The tradeoff is between time-to-demo and time-to-trust. A well-crafted prompt against a strong model often does surface real issues, and that's a legitimate starting point, not a gimmick. What it won't reliably do is surface the same issues, at the same severity, against the same document, after several model versions have shipped underneath it. For a one-off internal review, that might not matter much. For a finding that needs to hold up when a supplier disputes it, or when an auditor asks how a quality score was calculated a year later, it does.

We've made similar tradeoffs inside our own infrastructure. Evaluating data formats for the messages our analysis agents exchange took longer to validate than defaulting to JSON and moving on, but at the scale of a 1,000-requirement document, that kind of detail compounds across every analysis run.

What to ask before an AI tool touches your specifications

The model behind a tool is the least useful question to ask during an evaluation. Every vendor will name a capable one. The more useful questions are about what's fixed and what's exposed to the next model release:

• If you ran the same document through this tool twice, would you get the same findings?
• If the vendor's underlying model is upgraded next quarter, would the same document still produce the same findings, and would the vendor know if it didn't?
• Which parts of the output come from fixed logic, and which parts are a model's judgment on the day?
• How much of the product's differentiated value sits above the model, versus inside it?
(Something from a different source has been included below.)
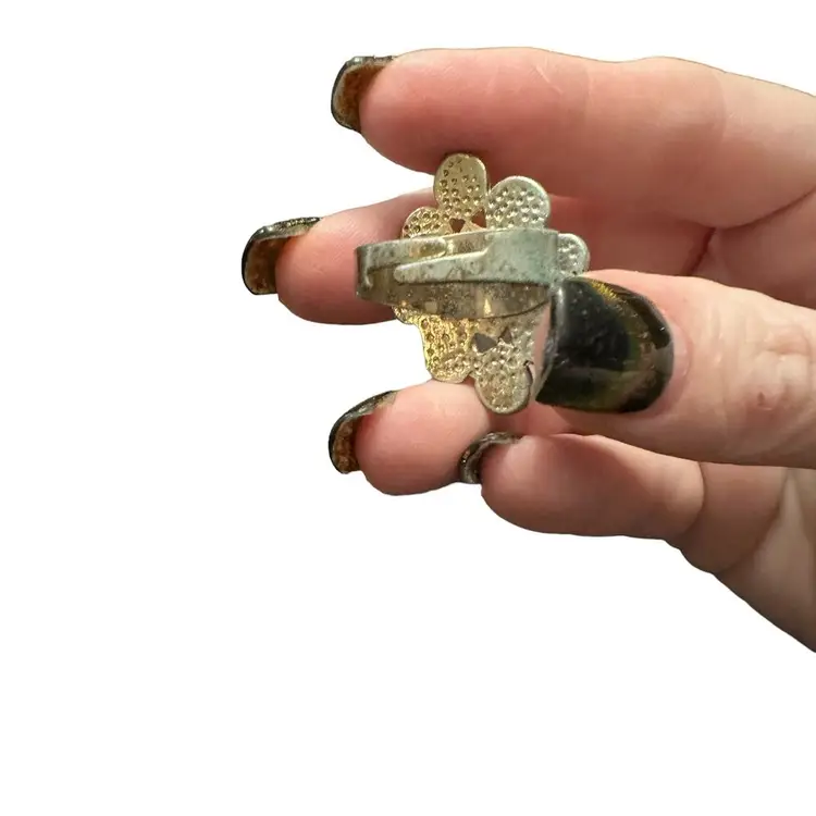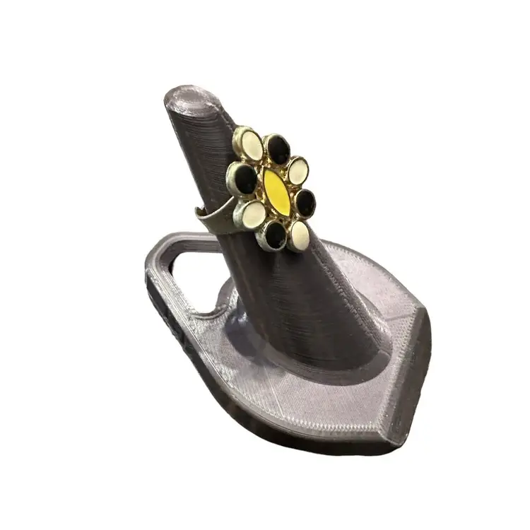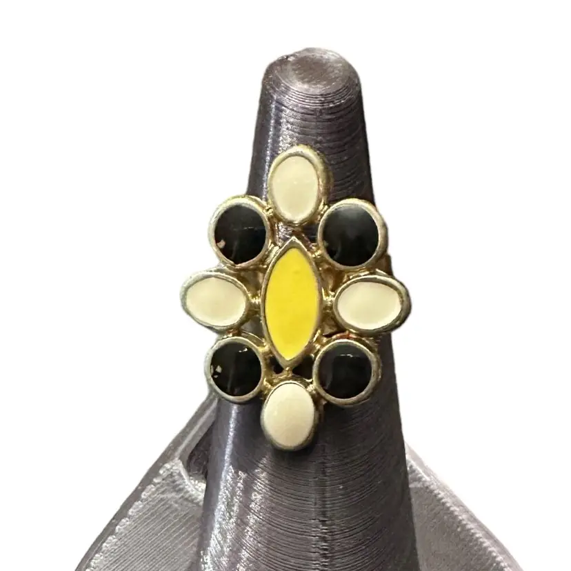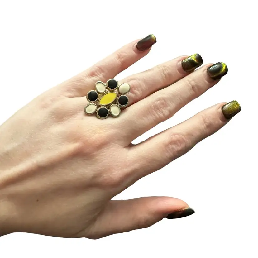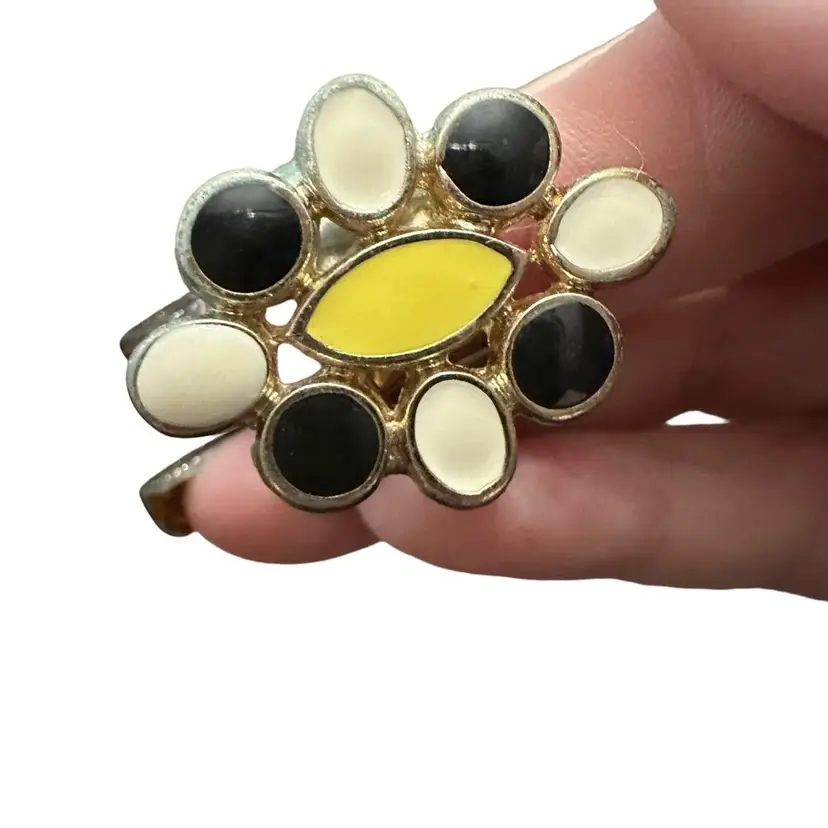 Vintage Retro Geometric Black White Yellow Adjustable Ring Size 7 And Up Retro 70s colors, ring from late 1990s Silver-toned adjustable band smallest size 7 can adjust 1-2 sizes up Acrylic and metal Groovy costume fashion jewelry

None of this is an argument against AI in specification review. The case for it gets stronger as specifications grow past what manual review can realistically cover: a 1,000-requirement document creates roughly a million comparison pairs, and a 10,000-requirement document creates a hundred million. The argument is narrower: foundation model capability is a market worth betting on for the parts of a product that should track it closely, and a market worth hedging against for the parts that need to hold still. Knowing which is which, before you build or buy, is the part that's easy to skip.